Mariadb clustering Index design question

auto-incrementclustered-indexmariadboptimization

Here are the columns of concern for a table describing tasks:

  • Org_ID
  • Task_ID
  • Task_property_columns

The only requirement for Task_ID is that it is unique per every Org_ID, however I would prefer not handle that programatically and that it be auto incremented.

The requirement for the Org_ID is that I would like to run metrics and analytics using sort operations with the table organised by Org_ID and ported nationally some of the task properties. The table being clustered on Task_ID would be useless, but would be very beneficial to generate on Org_ID.

From reviewing the documentation, it seems that clustering is picked for you in MariaDB where it will use the primary key, a unique non-nullable index, or a background auto generated index in that order.

I am pretty new to MariaDB and was hoping for some help in picking the right solution.
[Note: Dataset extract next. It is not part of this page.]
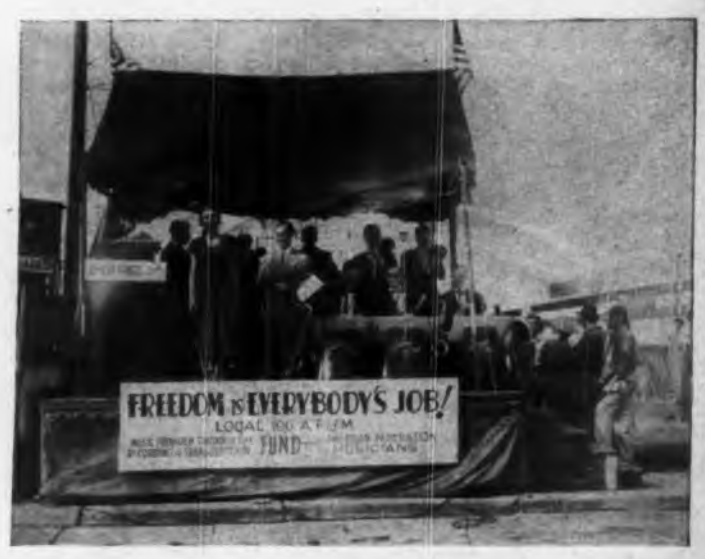
Cooperating with the Champaign-Urbana, Illinois, Citizens Committee, a band from Local 196 played continuous music during the arrival and stay of the Freedom Train—from 9:00 A. M. to 10:00 P. M. The sign clearly gave the credit to the Recording and Transcription Fund.

OR ALMOST two years now the Federation's Recording and Transcription Fund has represented one of the world's most notable private philanthropies in point of annual spending. It has also reached a great many people in all parts of the North American continent. But even yet the program under the Fund is not as well known as it deserves to be.

From what I understand I can't find a good way to auto increment and cluster how I want it to as well.

Best Answer

First, to clarify: "cluster" in this Question refers to the "clustering" of the PRIMARY KEY with the data, not the "clustering of servers".

You have provided the 3 choices that InnoDB makes to picks the clustered PK. Let me rephrase it from a user point of view.

  1. If you have a column, or combination of columns, (all non-NULL) that are inherently UNIQUE, then use it as the PK. This is a "natural" PK.
  2. If choice 1 is not available, use an AUTO_INCREMENT.
  3. Though available, do not use the third choice of an auto-generated hidden PK. Some day, you will need to uniquely identify rows, perhaps for maintenance.

Unlike some other vendors, there is no ROWNUM, nor is there a non-clustered PK. The lack of those is not important.

Secondary keys let you get at the data in other ways. A secondary key contains a copy of the PK so that it can get to the data. Both PK and secondary keys are organized as BTrees. BTree is the best all-around indexing method; the lack of Hash, etc, is not important.

A natural PK lets you do a range scan over the PK column very efficiently.

If find that two-thirds of tables have a "natural" PK; only one-third need an auto_increment instead.

Back to your 'task'. It sounds like you want

PRIMARY KEY(org_id, task_id)

but would like task_id to be automatically generated. This is possible by saying

task_id, INT UNSIGNED AUTO_INCREMENT NOT NULL

but there will be gaps -- since the auto_inc is table-wide, not specific to a given org_id. If you can live with the gaps, then that is your answer.

This was a feature that existed in ENGINE=MyISAM. See this for a simulation of it using InnoDB.

You mentioned "ported nationally". Are you trying to create unique ids that are locally, not centrally, generated? See UUID and its evils.

If you are summarizing large quantities of data, then build and maintain Summary tables.

If you want to discuss further, please provide prototypes of schema and queries.